Vouant son art à la ruine des hommes, Caroline cherchait à se venger d’un passé douloureux. Victime d’un viol impuni lorsqu’elle était enfant, qui lui avait valu d’être chassée par sa mère et de mener une vie errante en dansant et en se prostituant dans de petites auberges de province. Sa stérilité aussi, provoquée à l’adolescence par un avortement auquel l’avait forcée son amant et proxénète. Dans une société qui adorait « la Femme » sans aimer « les femmes » et qui divisait la gent féminine en trois catégories, la vierge, l’épouse et la prostituée, la Belle Otero utilisa le seul moyen qui lui était permis pour sa vengeance, la séduction. Elle atteignit son but, non seulement par sa beauté, mais aussi par la sensualité sauvage d’une véritable « panthère en chaleur » (selon Jacques Sigurd) que sa danse révélait.
Des rois, des aristocrates, des financiers, des écrivains et des ministres, tel qu'Aristide Briand, succombèrent.
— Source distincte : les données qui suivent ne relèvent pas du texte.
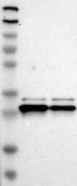 Antibody band pattern is confirmed by antibody HPA011057. Analysis performed using a standard panel of samples.
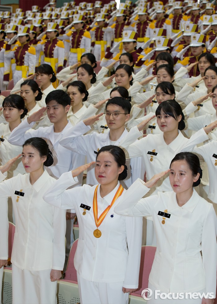 (대전=포커스뉴스) 24일 오전 대전 유성구 국군간호사관학교 백합관에서 열린 졸업매달 수여식에서 졸업식을 앞둔 제56기 생도들이 거수경례를 하고 있다.
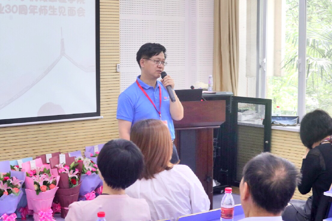 一阵掌声过后,校友代表纷纷向老师鲜花、与老师们合影,感谢老师们当年的教导培育之恩。校友代表万世祥发表了真切讲话,他讲到,老师当年的谆谆教导,至今还在耳边回荡,当年,老师不仅教我们知识技能,也教我们如何做人。三十年过去了,我们取得了一些成绩,也有了自己的家庭,非常感谢母校和老师的教导。看到学校人才辈出,让我们感到非常自豪,也感觉到了压力,今后将在工作岗位上努力拼搏、积极奋进,不辜负老师们的教导,为母校、母院争光。同时,他也对学院组织此次返校师生见面会表示了感谢,并祝愿老师们身体健康,同学们工作顺利。

Quadragénaire, pour laisser d’elle le souvenir d’une femme encore jeune et désirable, elle quitta les planches et prit sa retraite à Nice où elle acquit un superbe manoir. Mais tenaillée par le démon du jeu, sa fortune fut vite engloutie par les casinos.
Elle termina ses jours dans un petit hôtel près de la gare dont le directeur du casino de Monte-Carlo, apprenant ses difficultés financières, décida par la suite de payer son loyer et de lui verser une pension jusqu’à sa mort. Transformé en résidence, cet hôtel porte dorénavant son nom.
Oubliée et pauvre, celle qui avait été une reine de la Belle Epoque, avait fait tourner la tête aux plus grands et avait amassé une énorme fortune se suicida au gaz à l’âge de quatre-vingt-seize ans.
Caroline Otero fut d’abord inhumée au cimetière de la Caucade de Nice avant de trouver une nouvelle tombe au cimetière de l’Est.